Compound 6: IR ν KBr (cm^-1): 3159, 3012, 2980, 1576, 1498, 1453, 1433, 1211, 994, 748, 697, 523, 325, 315; ¹H-NMR (400 MHz; DMSO-d₆) δ: 2.08 (m, 2H, CH₂); 3.03 (sl, 4H, CH₂NH); 4.14 (sl, 4H, CH₂Ph); 7.44; 7.56 (2d, 10H, Ph); Anal. Calcd. for C₁₇H₂₂N₂Cl₂Pt·4H₂O: C: 34.46; H: 5.10; N: 4.72; found: C: 34.60; H: 4.67; N: 4.84.
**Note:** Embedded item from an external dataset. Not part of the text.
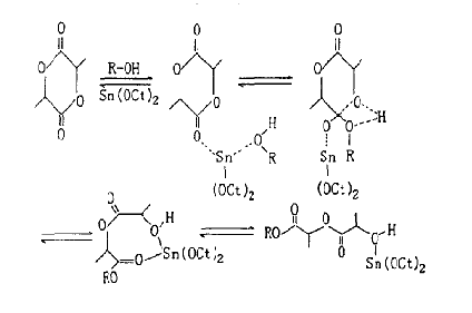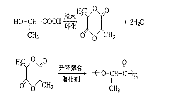 聚丙交酯又称聚乳酸,是一种热塑性聚合物,它在湿气中无光照条件下即可发生水解,在微生物和酶作用下进一步分解为CO2和H2O,是一种环境友好材料。也是目前可生物降解热熔胶中研究多的一种材料。聚丙交酯的原料为乳酸(二羟基丙酸)。乳酸分子结构式中同时含有羟基和羧基,反应活性较高,适当条件下可脱水形成PLA,PLA的合成主要有直接缩聚和丙交酯开环聚合两种方式,开环聚合工艺为:

Compound 7: IR ν KBr (cm^-1): 3229, 3208, 3127, 3049, 2953, 1596, 1529, 1450, 1352, 1140, 1048, 813, 736, 702, 472, 324; ¹H-NMR (400 MHz; DMSO-d₆) δ: 1.71 (m, 2H, CH₂); 2.64; 2.66 (2t, 4H, CH₂NH₂, CH₂NH); 3.94; 4.44 (2sl, 2H, H7, H7’); 5.15; 6.42 (2sl, 3H, NH₂, NH); 7.68 (sl ,1H, H5); 8.08; 8.22 (2d, 2H, H4, H6, J_4-5= J_5-6= 6.8 Hz); 8.51 (s, 1H, H2); ¹³C-NMR (100 MHz, DMSO-d₆) δ: 23.10; 42.52; 49.19; 58.13 (CH₂); 122.74; 125.24; 125.26; 129.46; 137.25; 147.38 (Ph); ¹⁹⁵Pt-NMR (86 MHz, DMSO-d₆) δ: - 2241; Anal. Calcd. for C₁₀H₁₅N₃Cl₂O₂Pt ·H₂O: C: 24.34; H: 3.44; found: C: 24.46; H: 2.94.

Conclusions

This work describes the synthesis and characterization of new platinum(II) complexes obtained from derivatives of 1,3-propanediamine, used as ligands. All the complexes were fully characterized and their biological properties are being investigated to determine their possible use as anticancer agents.